Subscription fees have become increasingly important to stations and networks as competition for ad sales has increased, General Counsel Barry Faber of Sinclair said. “We see advertising in so many more places than you used to.” When the economy contracted, that only worsened the situation, he said. Pay-TV networks are broadcasting’s biggest competitors -- not just for ad revenue but also for programming, he said.

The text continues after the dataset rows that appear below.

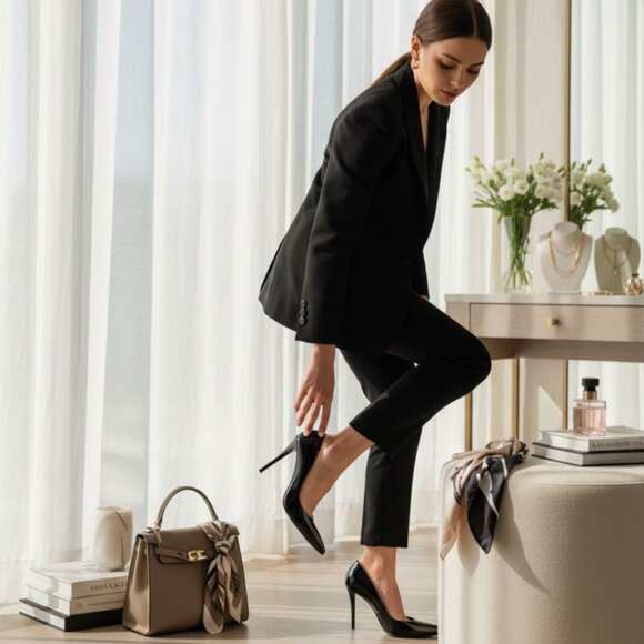 The solid black color and narrow shoe width make them versatile for both workwear and social occasions, while the pointed toe adds a touch of sophistication.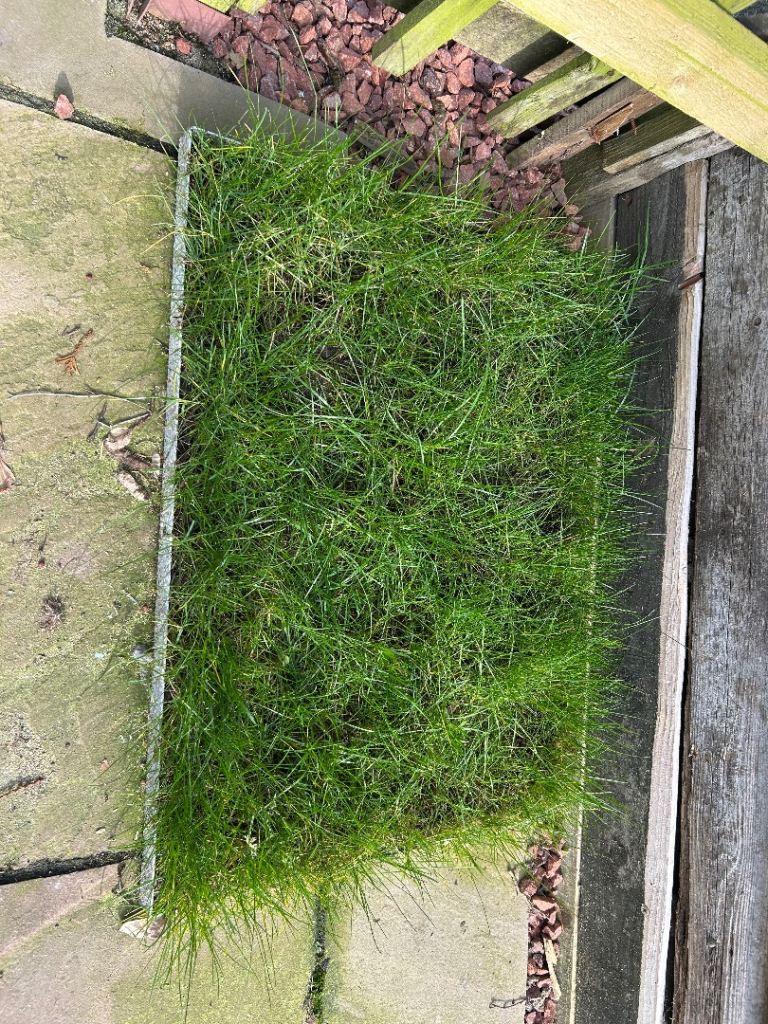 Approx 2.5’x1.5’. Real living Grass. In a metal tray. Perfect for cats/small dogs/little furry pets to sunbathe on or nibble at. Good if you have a small yard/catio, balcony. Easy to pick up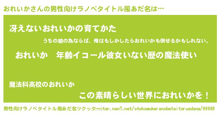 | ヒーロー風カッコイイあだ名 | 『仮面オレダー』『ウルトラおれいかマン』 |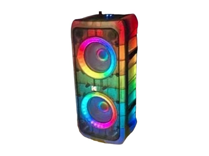 Bocina inalámbrica con sintonizador fm, entrada auxiliar, usb, micro sd, uso discoteca, altavoces doble 8”, recargable batería 7.4v/ 5000MAH, salida de 5000w potencia, incluye adaptador y micrófono, agarradera portátil.

Stations aren’t outright opposed to sharing subscription fees with the networks, Faber said. “We recognize that if you want to compete with ESPN or FX or TNT, they have to have sufficient money to make the network work.” But “we're opposed to the money to continue to be allocated as it is by the [pay-TV providers], and then the networks taking a portion,” he said. The money distributors pay to programmers just needs to be more fairly allocated based on the popularity and value of the programming, he said. Cable operators aren’t appropriately valuing broadcasters and pay many times more for cable channels on a ratings-basis than for stations, Brady said.
Stations could have more leverage in retransmission- consent talks with the networks behind them, Frank Kalil, a TV station broker, said. “I think we ought to charge as much as the market would bear. But I think the affiliates, with the efforts of the networks, may be in a better position to get retrans than they are right now.”